**** Exercise data

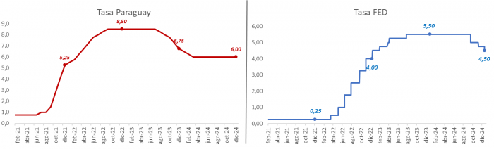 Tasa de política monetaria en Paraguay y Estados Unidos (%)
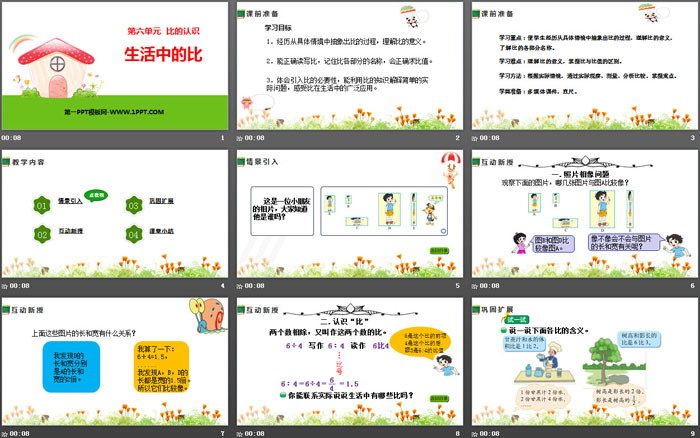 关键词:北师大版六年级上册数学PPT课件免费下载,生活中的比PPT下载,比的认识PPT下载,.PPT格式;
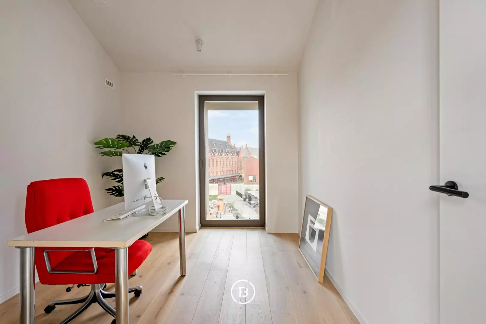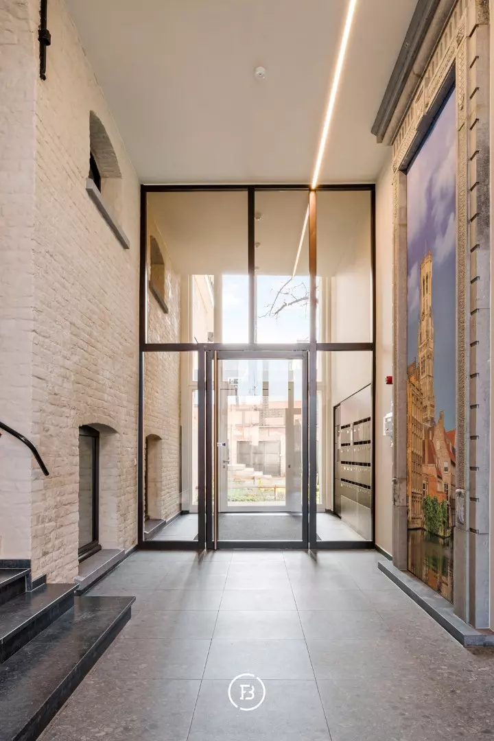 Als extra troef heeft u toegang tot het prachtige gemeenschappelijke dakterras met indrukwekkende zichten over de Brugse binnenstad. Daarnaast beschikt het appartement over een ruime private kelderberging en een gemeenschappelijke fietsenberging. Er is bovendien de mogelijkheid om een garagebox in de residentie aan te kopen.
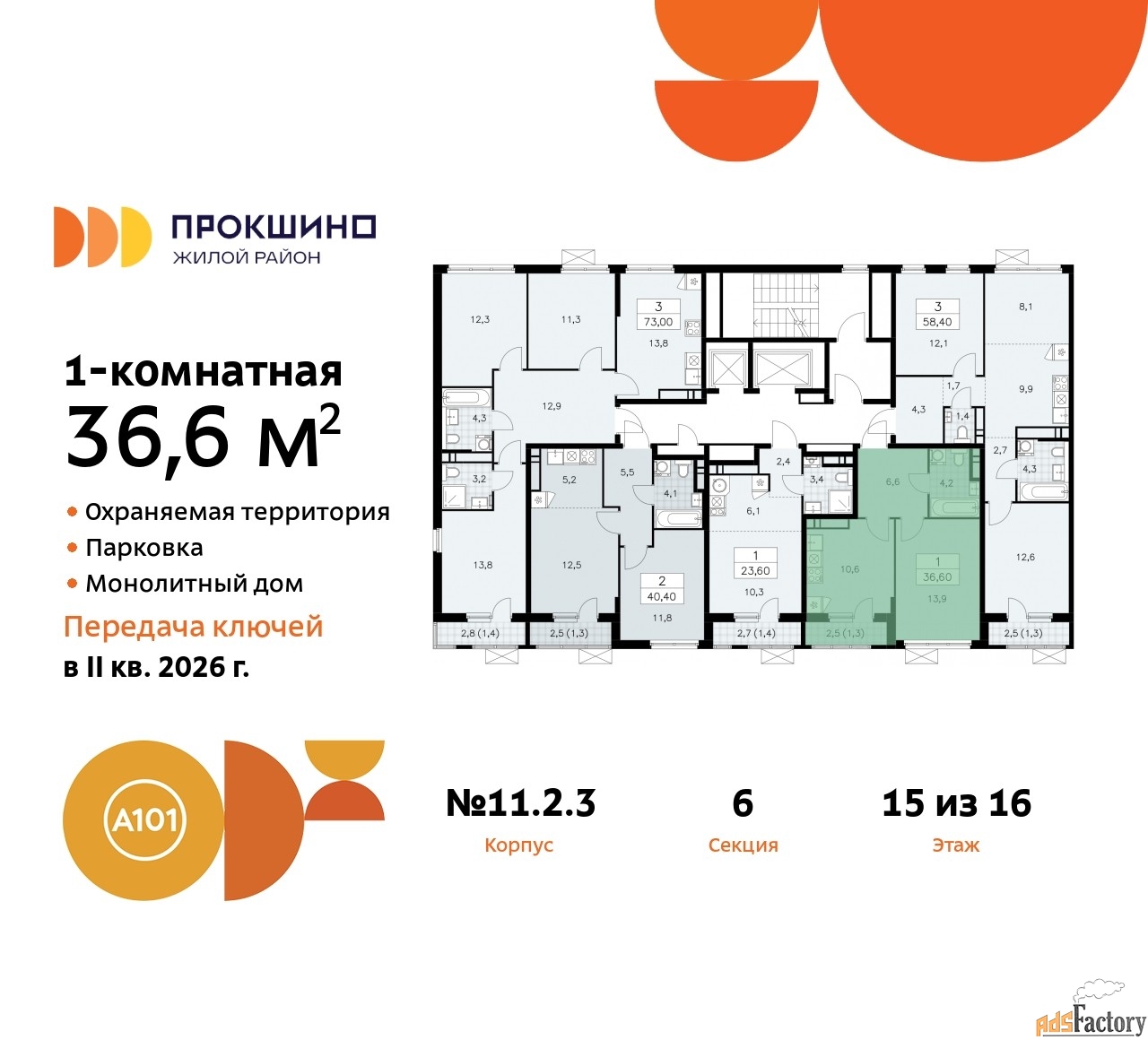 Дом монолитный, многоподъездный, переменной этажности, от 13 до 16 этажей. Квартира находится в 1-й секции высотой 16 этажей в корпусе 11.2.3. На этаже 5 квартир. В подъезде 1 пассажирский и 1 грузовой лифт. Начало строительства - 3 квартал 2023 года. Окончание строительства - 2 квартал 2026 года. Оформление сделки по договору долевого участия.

********
**** Exercise data

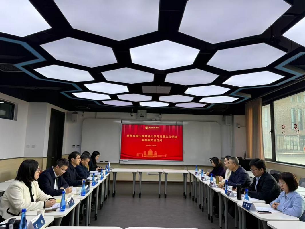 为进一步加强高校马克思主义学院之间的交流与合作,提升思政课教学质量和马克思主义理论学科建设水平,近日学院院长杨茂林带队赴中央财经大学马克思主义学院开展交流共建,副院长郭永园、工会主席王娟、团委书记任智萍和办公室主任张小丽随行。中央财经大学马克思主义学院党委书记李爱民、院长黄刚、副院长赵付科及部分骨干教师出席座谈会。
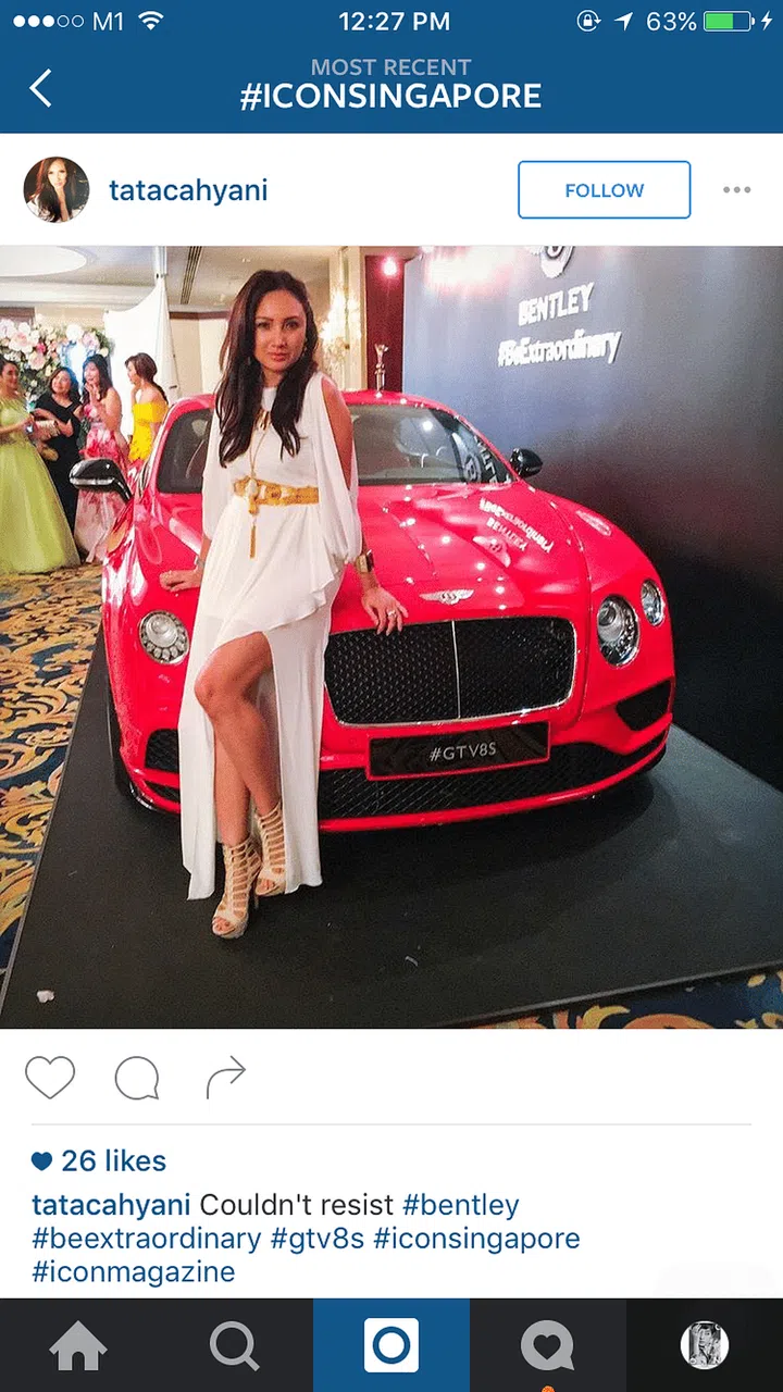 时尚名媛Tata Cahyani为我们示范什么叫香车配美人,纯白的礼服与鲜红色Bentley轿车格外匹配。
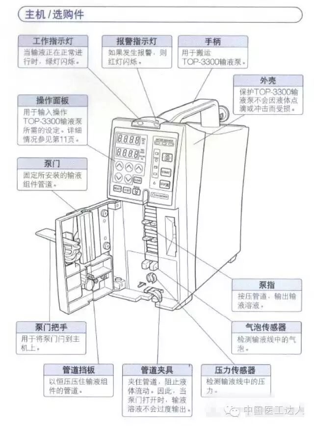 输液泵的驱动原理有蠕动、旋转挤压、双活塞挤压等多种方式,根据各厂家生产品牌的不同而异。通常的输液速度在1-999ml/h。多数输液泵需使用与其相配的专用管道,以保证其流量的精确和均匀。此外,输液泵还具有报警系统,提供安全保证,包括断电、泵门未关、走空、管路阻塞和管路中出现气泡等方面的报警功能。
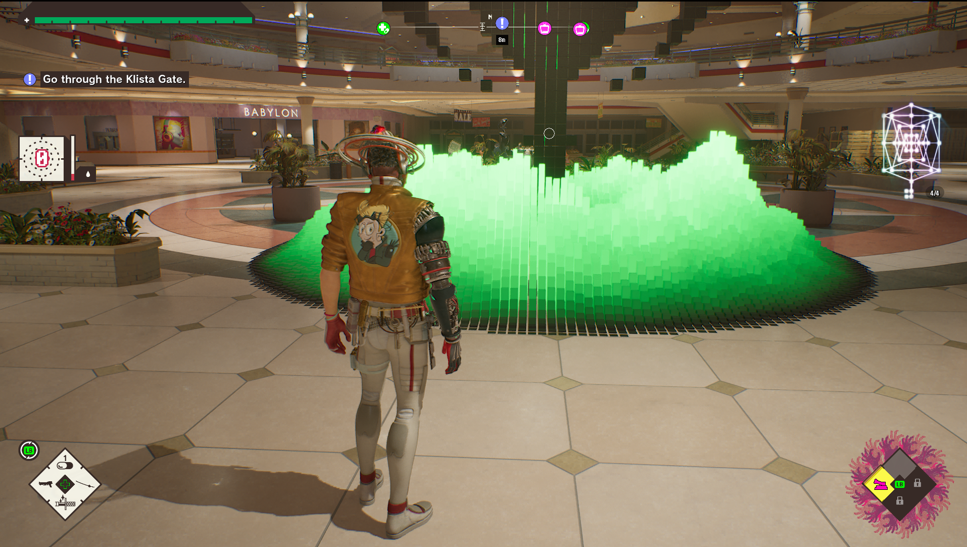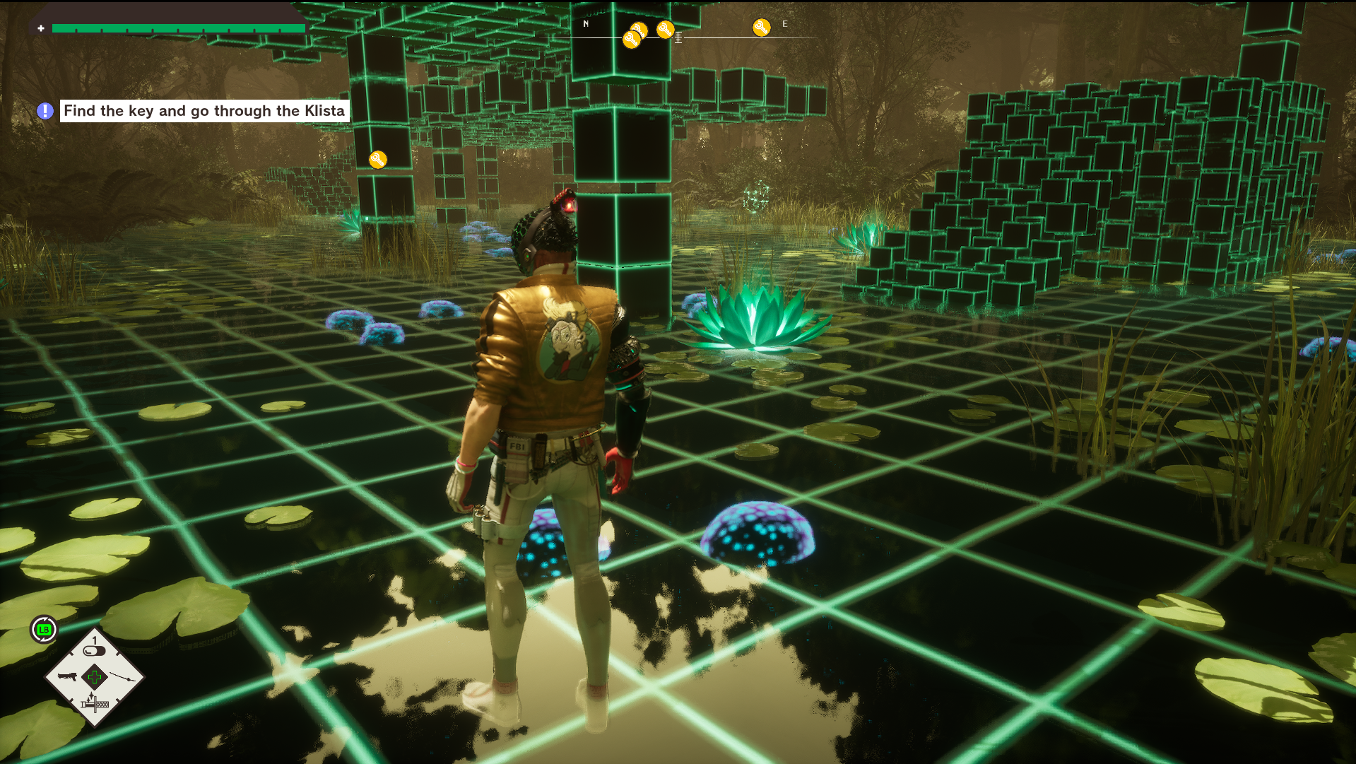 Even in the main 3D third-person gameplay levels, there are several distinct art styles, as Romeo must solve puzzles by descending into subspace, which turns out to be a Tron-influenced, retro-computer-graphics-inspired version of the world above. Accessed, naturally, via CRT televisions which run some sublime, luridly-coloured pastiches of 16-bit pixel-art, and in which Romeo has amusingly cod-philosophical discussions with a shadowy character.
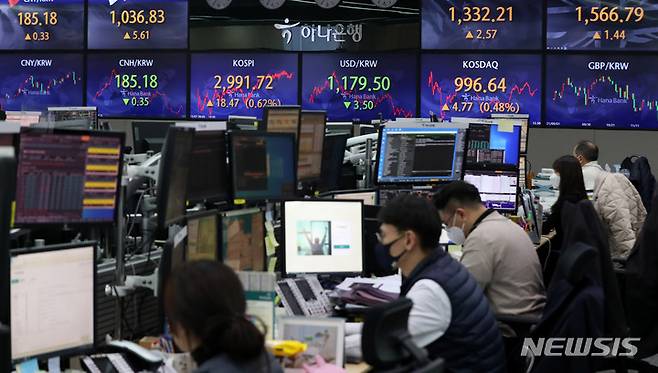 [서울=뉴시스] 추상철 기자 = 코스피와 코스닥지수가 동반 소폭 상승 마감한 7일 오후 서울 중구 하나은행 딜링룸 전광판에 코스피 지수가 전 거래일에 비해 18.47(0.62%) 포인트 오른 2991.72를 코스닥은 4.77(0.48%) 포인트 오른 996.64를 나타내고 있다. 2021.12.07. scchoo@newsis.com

********

■ **What is expected**: Using the material above, transcribe exactly the lines from the one holding "Als extra troef" to the one holding "Дом монолитный, многоподъездный, переменной", both ends kept. Do not carry over any pictures.

■ **Result of this task**:
 Als extra troef heeft u toegang tot het prachtige gemeenschappelijke dakterras met indrukwekkende zichten over de Brugse binnenstad. Daarnaast beschikt het appartement over een ruime private kelderberging en een gemeenschappelijke fietsenberging. Er is bovendien de mogelijkheid om een garagebox in de residentie aan te kopen.
 Дом монолитный, многоподъездный, переменной этажности, от 13 до 16 этажей. Квартира находится в 1-й секции высотой 16 этажей в корпусе 11.2.3. На этаже 5 квартир. В подъезде 1 пассажирский и 1 грузовой лифт. Начало строительства - 3 квартал 2023 года. Окончание строительства - 2 квартал 2026 года. Оформление сделки по договору долевого участия.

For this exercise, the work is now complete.